En art tout est possible, quand le possible rime avec l’infinité des propositions qu’il permet d’acquérir, et qu’il permet d’imaginer comme créations par la suite. Prenons la lettre d’un alphabet, cet élément premier, présidant à tout texte, qui sans lui n’existerait pas. Elle est avant tout une forme, une existence formelle propre. Elle se prononce, donc existence sonore. Elle se lit, donc existence écrite. Mais elle peut aussi être existence muette, ou parlante autrement, comme dans l’art plastique. Cela a été fait et investi, et Abdellah Oulamine y apporte sa touche personnelle, lui fournit une existence plastique, dans ses récentes créations artistiques. Il fait ses choix au sein de l’alphabet arabe, amazigh et hébreu, mais un choix ciblé. Les lettres qui ont une charge symbolique évidente, d’où leur placement au centre du tableau. Le ه  connu pour avoir deux yeux, pris seul ou dans le mot هو  comme désignation d’un être réel ou caché, ou supérieur tel que l’ont longtemps explicité les érudits soufis. Il y a aussi le و  et le ط , tout aussi symboliques. Dans le registre hébreu, l’artiste prend comme modèles de signification les lettres qui donnent les son ch et ح , qui ont des formes à deux piquets dirigés vers le bas ou des branches dirigées vers le haut. On ne peut s’empêcher de penser ce qu’avait écrit Ibn Arabi : «  saches que les lettres sont une communauté parmi d’autres à qui la parole est adressée et la charge [d’assumer les responsabilités] est confiée ».

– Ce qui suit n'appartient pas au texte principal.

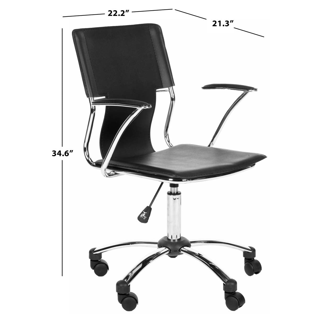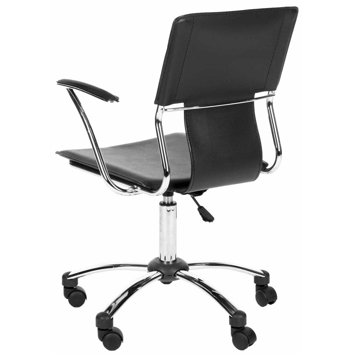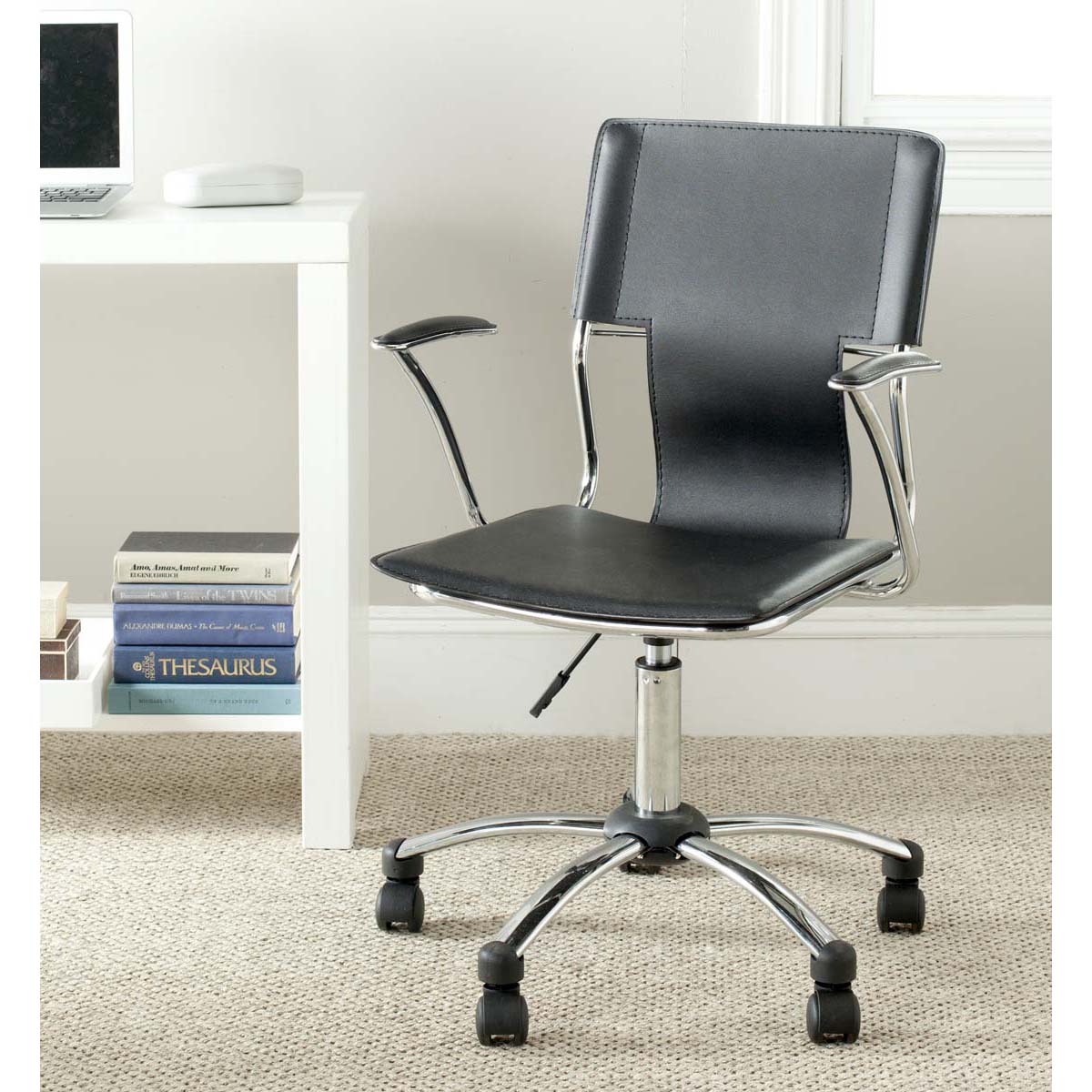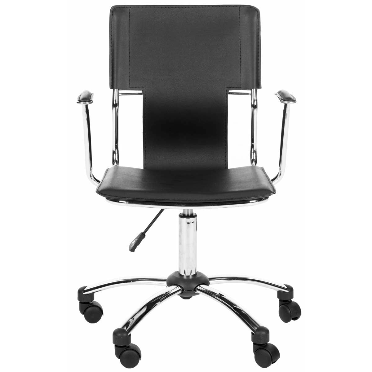 The adjustable Kyler Desk Chair is a posh postmodern spin on the modern office chair. Crafted with metal frame, rubber wheels and black PVC leather, its spare lines and graphic form bring the right angle to any meeting.

Ainsi, on est confronté à des présences flagrantes que l’artiste rehausse par un travail supplémentaire sur la lettre elle-même, comme pour signifier sa richesse et sa disponibilité à la production d’un sens différent. Il la rehausse dans un deuxième temps par un arrière-fond complémentaire. La lettre est souvent baignée ou semble découpée dans un manuscrit, et donc mise en évidence, détachée sans être coupée de son environnement normal où elle est depuis toujours, participant à la création d’un monde de symboles et de significations, c’est-à-dire le texte, mais pris ici comme matière plastique,  motif de tableau.

Manuscrit enchanteur

Le manuscrit qui est donc un autre lieu du travail artistique prisé par A. Oulamine. Il est cette autre ouverture offerte par l’art. Il a une existence antérieure, celle d’avant d’être un livre, par exemple, et il a une existence postérieure lorsqu’il ne sert plus comme outil à lire, monde à lire, mais comme objet de collection, oublié ou admiré, et Oulamine en y créant et en y œuvrant se situe entre ces deux pôles, et lui donne une troisième existence.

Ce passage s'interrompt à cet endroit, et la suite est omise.